A likelihood ratio test on our newly stratified model provides a p-value that is much smaller than 0.05. Once again, with the new stratified model, we reject the null hypothesis and claim that there exists a significant difference between the survival rates of subjects that don't use treatment("Obs") vs those who do("Lev", "Lev + 5FU")

To see if our new model still violate the PH assumption, we run a cox.zph test on our new stratified model.

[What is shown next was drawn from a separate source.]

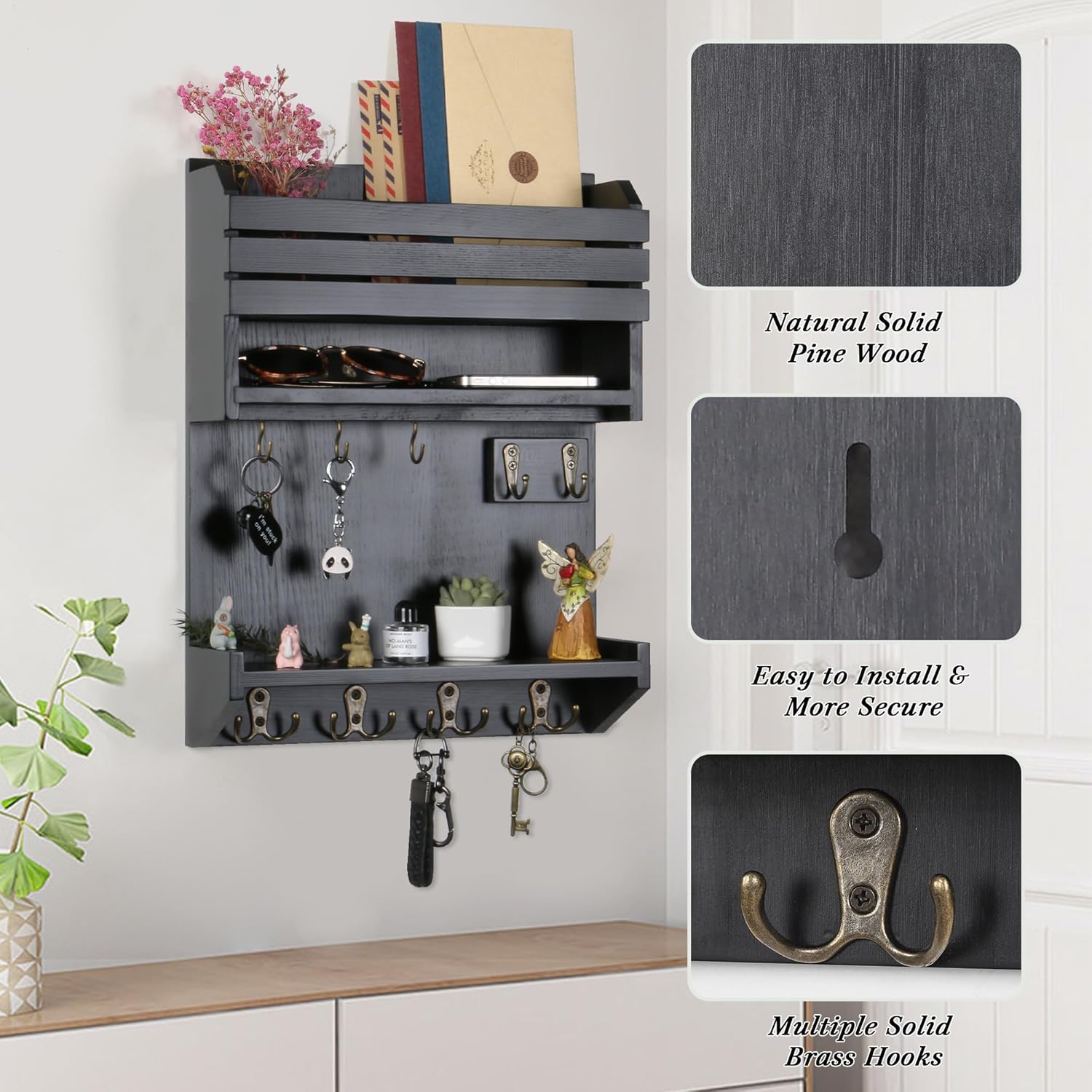 MULTIFUNCTIONAL STORAGE: Wall-mounted key and mail holder make the most of your wall space, keep your home and office simple and tidy. It is perfect for storing mails, keys, anyards, dog leashes, sunglasses, bags, hats, etc.

cox.zph(death.colon.trt.select.strata)

##        chisq df    p
## rx     2.288  2 0.32
## nodes  0.692  1 0.41
## extent 5.803  3 0.12
## GLOBAL 9.431  6 0.15

The p-value from the cox.zph goodness of fit test for the coxPH assumption is 0.15 and is greater than 0.05.
We conclude that the model we have selected & stratified does not violate the pH assumption any longer. We see that have taken the correct steps to ensure the validity in our cox PH model with stratification.

Innovation

survtrend <- function(formula, data, print.table = TRUE) {
  diff.fit <- survdiff(formula, data = data)
  df <- length(diff.fit$n) - 1
  score <- coxph(formula, data = data)$score
  if (print.table) {
    diff.tumor <- cbind(diff.fit$n, diff.fit$obs, diff.fit$exp)
    colnames(diff.tumor) <- c("N", "Observed", "Expected")
    print(diff.tumor)
  }
  cat("\nLogrank Test : Chi(", df, ") = ", diff.fit$chisq, ", p-value = ", 1 -
  pchisq(diff.fit$chisq, df), sep = "")
  cat("\nTarone Test Trend : Chi(1) = ", score, ", p-value = ", 1 - pchisq(score,
  1), sep = "")
}

death2 <- with(death, Surv(time, status))
#rx2 <-survfit(death2 ~ rx, data = death, conf.type = "log-log")

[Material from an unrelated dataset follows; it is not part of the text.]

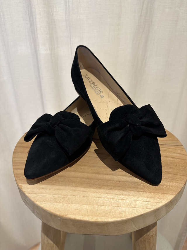 Spitze Ballerina mit Masche aus Hochwertigem Samtziegenleder.
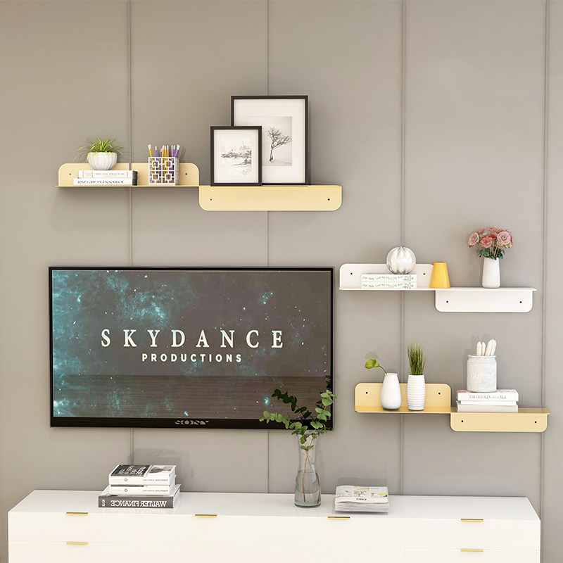 Nordic wall shelf free punching iron living room TV wall decoration bedroom wall bookshelf word partition

differ1 <-survfit(death2 ~ differ, data = death, conf.type = "log-log")
colors <- c("cornflowerblue", "deeppink", "forestgreen")
plot(differ1, lty = c(1:3), main = "Survival Curves Based on Differentiation of Tumor",
col = colors, lwd = 2,
xlab = "Days", ylab = "Survival Probability")
legend("bottomleft", lty = c(1:3),
col = colors, lwd = 2,
legend = c("Well", "Moderately", "Poorly"), bty = "n")

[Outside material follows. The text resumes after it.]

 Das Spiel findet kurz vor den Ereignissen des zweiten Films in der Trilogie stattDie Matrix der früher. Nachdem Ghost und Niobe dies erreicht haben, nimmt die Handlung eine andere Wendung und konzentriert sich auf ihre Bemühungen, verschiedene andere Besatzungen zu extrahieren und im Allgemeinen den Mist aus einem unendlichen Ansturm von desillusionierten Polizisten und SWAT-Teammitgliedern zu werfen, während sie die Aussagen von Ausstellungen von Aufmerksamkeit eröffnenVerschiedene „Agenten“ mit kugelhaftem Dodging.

Figure 5: Survival Curve Plot

The graph indicates subjects with poorly differentiated tumor cells have a lower chance of survival;
however, as time increases, it converges more closely to the "well" and "moderately" lines.
In this example, we use the Tarone-Ware test, which is a variant of the log-rank test.

survtrend(death2 ~ differ, data = death)  #citation

##                   N Observed Expected
## differ=well      93       42  47.5287
## differ=moderate 663      311 334.9173
## differ=poor     150       88  58.5540
## 
## Logrank Test : Chi(2) = 17.18909, p-value = 0.0001851124
## Tarone Test Trend : Chi(1) = 17.18517, p-value = 3.390732e-05

From our test we get a P-value that is lower than our alpha level of 0.05. Thus, we reject the Null hypothesis and accept the alternative hypothesis. Thus, we conclude that there is a statistically significant difference between the survival probabilities of differing differentiation of the tumours.

"Tarone and Ware (1977) test -- with weights equal to the square root of the number of subjects in the risk pool at time \(t_i\)

Like Wilcoxon’s test, this test is appropriate when hazard functions are thought to vary in ways other than proportionally and when censoring patterns are similar across groups. The test statistic is constructed by weighting the contribution of each failure time to the overall test statistic by the square root of the number of subjects at risk. Thus, like the Wilcoxon test, it gives heavier weights, although not as large, to earlier failure times. Although less susceptible to the failure and censoring pattern in the data than Wilcoxon’s test, this could remain a problem if large differences in these patterns exist between groups."

found here: https://www.stata.com/manuals13/stststest.pdf

5. Conclusion

Overall

[Write which model we chose, and why/how that explains our original objective. State what we found through analysis and why it's important.]

Because each subject has recurrence data and death data, our first task was to subset etype==2, indicating “death.” We then plotted Kaplan-Meier curves for the colon cancer patients, and our next step was plotting KaplanMeier curves for patients by treatments (“Observation,” “Levamisole,” and “Levamisole and Fluorouracil”). We observed that Lev+5FU seems to improve survival rates by a significant amount, so we implemented the log-rank test and likelihood ratio test in order to get a deeper view of the treatments’ effects. From these results, we conclude that using both Levamisole and Fluorouracil significantly improves survival rates. On the other hand, it does not appear that Levamisole by itself does not have a significant effect on survival rates. We also checked the hazard ratio confidence interval which validated our conclusions. Next, we wanted to find the most accurate model that predicts survival times. Our method was BIC model fitting with forward selection. Since our focus is on the effect of the treatments, our goal was to determine which covariates work best with the variable “rx.” Our first model that we chose violated our coxPH assumption because the covariate “differ” did not pass the check for linearity. Thus, we stratified on this covariate, and our improved model no longer violates the proportional hazards assumption. The model we have chosen is as follows: death.colon.trt.select.strata <- coxph(Surv(time, status) ~ rx + nodes + strata(differ) + extent, data = death).

limitations

assumption that nodes column was the correct one instead of node4
not taking measures to fix the insignificance of the Lev treatment level

6.References

[1] https://www.cancer.gov/types/common-cancers#:~:text=The%20most%20common%20type%20of,are%20combined%20for%20the%20list.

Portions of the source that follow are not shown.